И вот на этот-то остров Третич в один прекрасный день, без приглашения и предупреждения, прибыл Селим Ферхатович. Его привез пятничный итальянский глиссер, с собой у него была большая сумка и документ — гарантийное письмо, выданное предъявителю оного, а внизу стояла подпись Бонино. Третичане выделили пришельцу пустой дом покойного Йоландо Смеральдича на северном склоне Перенего Мура рядом с тропинкой, проходящей через густой бор и соединяющей порт с маяком на Кейп-Арте. Раз Бонино хочет спрятать этого типа именно здесь — ладно, но пусть это будет подальше от них. Босниец приложил немало усилий, чтобы найти общий язык с островитянами, но у него плохо получается, да и они не идут на контакт. Они до сих пор относятся к нему очень настороженно и не могут до конца понять, кто он такой: безбашенный авантюрист или же завзятый враль, каких мало.
(ПРОДОЛЖИТЬ, РАЗВИТЬ, ПОЯСНИТЬ, НАПИСАТЬ О СЕЛИМЕ ПОДРОБНЕЕ, ВСТАВИТЬ ЦИТАТЫ ЭТОГО КАДРА! РАССПРОСИТЬ ТОНИНО, ЧТО ОН ЗНАЕТ!)
— Вы, значит, шутки шутите, решили немного поразвлечься?
— Та не-е, брат, какий щутки? Мине просто в кайф общаться с оптимистом, — ответил поверенному Селим с характерным выговором, порой проглатывая целые слоги, как будто он только вчера покинул родной городок Фойницу в центральной Боснии, если он действительно там родился. — А раз уж ты заговориль о развлеченях, знащь анекдот, где Муйо звонит вечером Фате, она в постели, берет трубк, а он ей: «Фата, приду поздно — мы с Хасо в парке развлечений!», она кладет трубк, поворачивается на другой бок и грит: «Хасо, представлять, звонил Муйо, сказал, щто вы с ним в каком-т парке».
Несмотря на то что анекдот уже давно оброс густой бородой, на лице Синиши нарисовалась улыбка — очевидно, не последнюю роль здесь сыграла манера Селима рассказывать.
— Во-о, вищь, я ж те говорю. Улыбнулся — и все путем. Я и Мейджору сто раз повторял: брата-ан, ну подыми верхнюю губу: она ж у тя под носом, нос упирается в лоб, а за лбом-т у тя мозг, все взаимосвязано, ну.
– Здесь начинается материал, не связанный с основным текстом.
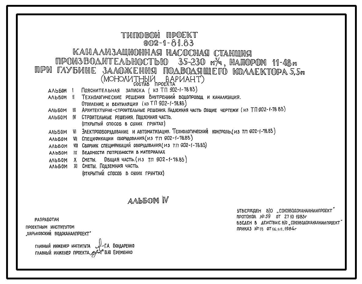 Типовой проект 902-1-81.83 Канализационная насосная станция производительностью 35 - 230 куб. м/ч, напором 11 - 48 м при глубине заложения подводящего коллектора 5,5 м (монолитный вариант)

Ты мож быть серьезный, как пророк, но быть таким дольш трех дней — вредно. А он, собака, все серьезный и серьезный. Ну и гиде он теперь?
— Прошу прощения, а кто этот господин, которого вы упомянули? — спросил Тонино. Синиша, к этому времени уже сильно повеселевший от выпитой сливовицы («Ка-ак откуд ракия, итальянцы те сюда щто хошь привезут!»), весело взглянул на него одним глазом.
— Слущ, кто такой Мейджор?! — взорвался Селим. — Джон Мейджор, парень! Премьер бывши, Великобритани! Да я ж те рассказывал, да-да, тебе! Когда меня депортирали с Кореи, я приехаль в Лондон и работаль там в маркетинговом агентстве «Сачи энд Сачи», а они как раз разрабатываль кампаню для тори, тамошнего консервативного крыла. Вот мне и поручили са-амое сложное — как раз так работать с Мейджором, щайтан его забери… Да я те сто процентов рассказывал, щито ты выкобениваешься?
— Селим, давай оставим эту историю до следующего раза, — произнес заплетающимся языком Синиша. — Вообще я хочу сказать, что это все очень здорово, как ты тусовался с этим Майором. Тьфу ты, с Мейджором! Джоном Мейджором… И этот бан Младен, Карл Младен, ну этот… Ну чувак, который собирается долбануть по Вашингтону пассажирским самолетом, это тоже отличная история, ее было бы неплохо продать Голливуду…
— Не по Ващингтону, а по Ню-Йорку, друг, а чувака звать Усама бен Ладен. Он мине об этом сам рассказывал, мы встречались в Эр-Рияде, а потом как-т раз в Бильбао я грил с одним из его людей. Я доложил об этом во все инстанци, — но, блин, вы ж политики, вы ж никого не слушате. А Усама тот еще фрукт, он это сделайт, от увидите.